# [SOURCE MATERIAL]
┄┄┄┄┄┄┄┄┄┄┄┄┄┄┄┄┄┄┄┄
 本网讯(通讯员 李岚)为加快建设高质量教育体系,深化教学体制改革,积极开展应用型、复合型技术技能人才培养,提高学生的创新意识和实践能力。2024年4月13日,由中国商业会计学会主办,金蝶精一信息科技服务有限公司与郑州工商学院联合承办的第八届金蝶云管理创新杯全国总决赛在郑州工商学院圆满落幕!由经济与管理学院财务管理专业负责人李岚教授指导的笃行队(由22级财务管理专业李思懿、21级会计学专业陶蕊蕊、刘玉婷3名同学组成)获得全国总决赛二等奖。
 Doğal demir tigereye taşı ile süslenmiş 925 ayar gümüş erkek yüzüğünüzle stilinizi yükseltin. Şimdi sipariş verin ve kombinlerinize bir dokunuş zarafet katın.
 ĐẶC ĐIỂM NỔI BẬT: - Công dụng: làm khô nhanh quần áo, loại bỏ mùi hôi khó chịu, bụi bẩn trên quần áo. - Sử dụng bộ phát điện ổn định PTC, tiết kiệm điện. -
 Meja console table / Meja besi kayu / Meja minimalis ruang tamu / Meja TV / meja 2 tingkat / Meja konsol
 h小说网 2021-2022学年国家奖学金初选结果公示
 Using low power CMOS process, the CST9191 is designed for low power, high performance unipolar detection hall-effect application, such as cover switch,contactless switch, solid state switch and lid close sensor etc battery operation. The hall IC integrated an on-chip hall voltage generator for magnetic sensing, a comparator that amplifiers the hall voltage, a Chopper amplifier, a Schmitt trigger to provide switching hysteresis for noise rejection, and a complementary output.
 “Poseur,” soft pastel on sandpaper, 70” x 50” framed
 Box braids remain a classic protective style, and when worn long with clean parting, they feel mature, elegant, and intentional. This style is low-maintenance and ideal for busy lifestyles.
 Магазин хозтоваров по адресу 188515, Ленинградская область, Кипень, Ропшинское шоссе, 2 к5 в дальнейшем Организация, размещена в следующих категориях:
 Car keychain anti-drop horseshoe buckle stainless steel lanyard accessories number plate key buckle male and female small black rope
┄┄┄┄┄┄┄┄┄┄┄┄┄┄┄┄┄┄┄┄
# [PROBLEM TO SOLVE]
Copy all data exactly, start to finish.

# [THE COMPLETED TASK]
 本网讯(通讯员 李岚)为加快建设高质量教育体系,深化教学体制改革,积极开展应用型、复合型技术技能人才培养,提高学生的创新意识和实践能力。2024年4月13日,由中国商业会计学会主办,金蝶精一信息科技服务有限公司与郑州工商学院联合承办的第八届金蝶云管理创新杯全国总决赛在郑州工商学院圆满落幕!由经济与管理学院财务管理专业负责人李岚教授指导的笃行队(由22级财务管理专业李思懿、21级会计学专业陶蕊蕊、刘玉婷3名同学组成)获得全国总决赛二等奖。
 Doğal demir tigereye taşı ile süslenmiş 925 ayar gümüş erkek yüzüğünüzle stilinizi yükseltin. Şimdi sipariş verin ve kombinlerinize bir dokunuş zarafet katın.
 ĐẶC ĐIỂM NỔI BẬT: - Công dụng: làm khô nhanh quần áo, loại bỏ mùi hôi khó chịu, bụi bẩn trên quần áo. - Sử dụng bộ phát điện ổn định PTC, tiết kiệm điện. -
 Meja console table / Meja besi kayu / Meja minimalis ruang tamu / Meja TV / meja 2 tingkat / Meja konsol
 h小说网 2021-2022学年国家奖学金初选结果公示
 Using low power CMOS process, the CST9191 is designed for low power, high performance unipolar detection hall-effect application, such as cover switch,contactless switch, solid state switch and lid close sensor etc battery operation. The hall IC integrated an on-chip hall voltage generator for magnetic sensing, a comparator that amplifiers the hall voltage, a Chopper amplifier, a Schmitt trigger to provide switching hysteresis for noise rejection, and a complementary output.
 “Poseur,” soft pastel on sandpaper, 70” x 50” framed
 Box braids remain a classic protective style, and when worn long with clean parting, they feel mature, elegant, and intentional. This style is low-maintenance and ideal for busy lifestyles.
 Магазин хозтоваров по адресу 188515, Ленинградская область, Кипень, Ропшинское шоссе, 2 к5 в дальнейшем Организация, размещена в следующих категориях:
 Car keychain anti-drop horseshoe buckle stainless steel lanyard accessories number plate key buckle male and female small black rope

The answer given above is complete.